The DNA repair pathway as a therapeutic target to synergize with trastuzumab deruxtecan in HER2-targeted antibody-drug conjugate-resistant HER2-overexpressing breast cancer
Background: Anti-HER2 therapies, including the HER2-targeting antibody-drug conjugates (ADCs) trastuzumab emtansine (T-DM1) and trastuzumab deruxtecan (T-DXd), have significantly improved survival outcomes for patients with HER2-overexpressing (HER2+) metastatic breast cancer. However, resistance—whether intrinsic or acquired—remains a major clinical challenge, with no established standard of care once disease progression occurs. This study aimed to uncover the mechanisms underlying resistance to T-DM1 and T-DXd in both patients and preclinical models, and to identify therapeutic targets whose inhibition could enhance the efficacy of T-DXd in resistant HER2+ breast cancer, both in vitro and in vivo.

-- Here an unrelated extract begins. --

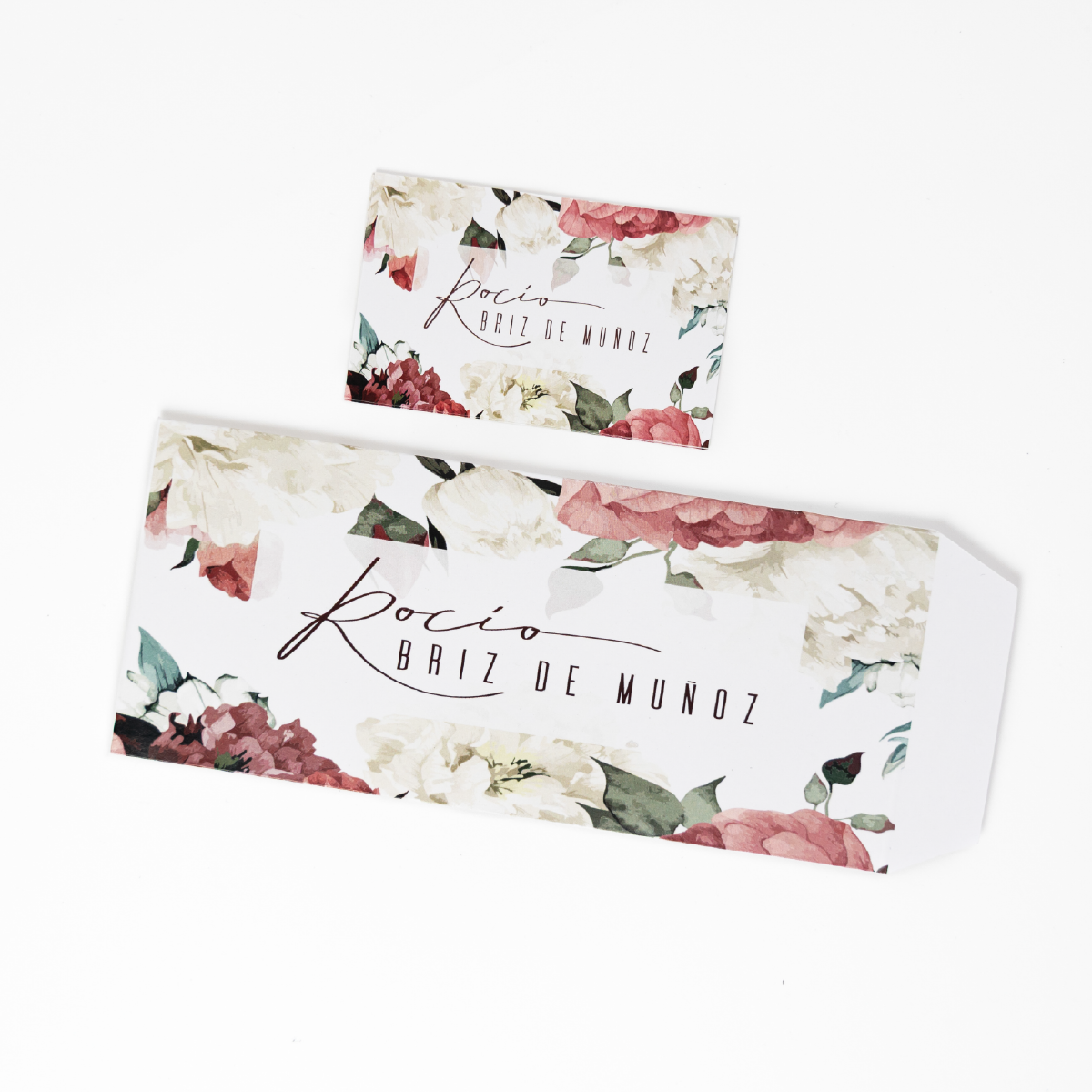 Cada tarjeta y sobre lleva el nombre impreso con una tipografía delicada, sobre papel de alta calidad. Además, incluye stickers autoadhesivos para cerrar los sobres con un toque sofisticado.

Methods: We performed targeted DNA sequencing and whole transcriptome analysis on breast cancer tissue samples from patients to identify genetic changes that develop following anti-HER2 therapy. Additionally, we developed T-DM1 and T-DXd-resistant HER2+ breast cancer cell lines. To investigate resistance mechanisms and discover synergistic kinase targets for boosting T-DXd efficacy, we utilized a range of techniques including fluorescence in situ hybridization, droplet digital PCR, Western blotting, whole-genome sequencing, cDNA microarrays, and kinome RNA interference (RNAi) screening. Further, cell viability, colony formation, and xenograft models were used to evaluate the antitumor effects of T-DXd in combination with other agents.
Results: Our analysis revealed reduced HER2 expression and amplification of DNA repair-related genes in post-therapy patient samples. In the T-DM1 and T-DXd-resistant cell lines, resistance was linked to decreased ERBB2 gene amplification, driven by DNA damage and epigenetic changes. Through unbiased RNAi screening, the DNA repair pathway emerged as a promising target to enhance the activity of T-DXd. We confirmed that combining T-DXd with elimusertib, an inhibitor of ataxia telangiectasia and Rad3-related protein (ATR), significantly increased cancer cell death both in vitro (P < 0.01) and in vivo (P < 0.01) compared to monotherapy.
Conclusions: DNA repair pathways play a crucial role in resistance to HER2-targeted ADCs. Our findings support further clinical investigation of combination treatments using T-DXd and DNA repair-targeting agents, such as ATR inhibitors, to overcome resistance in HER2+ breast cancer.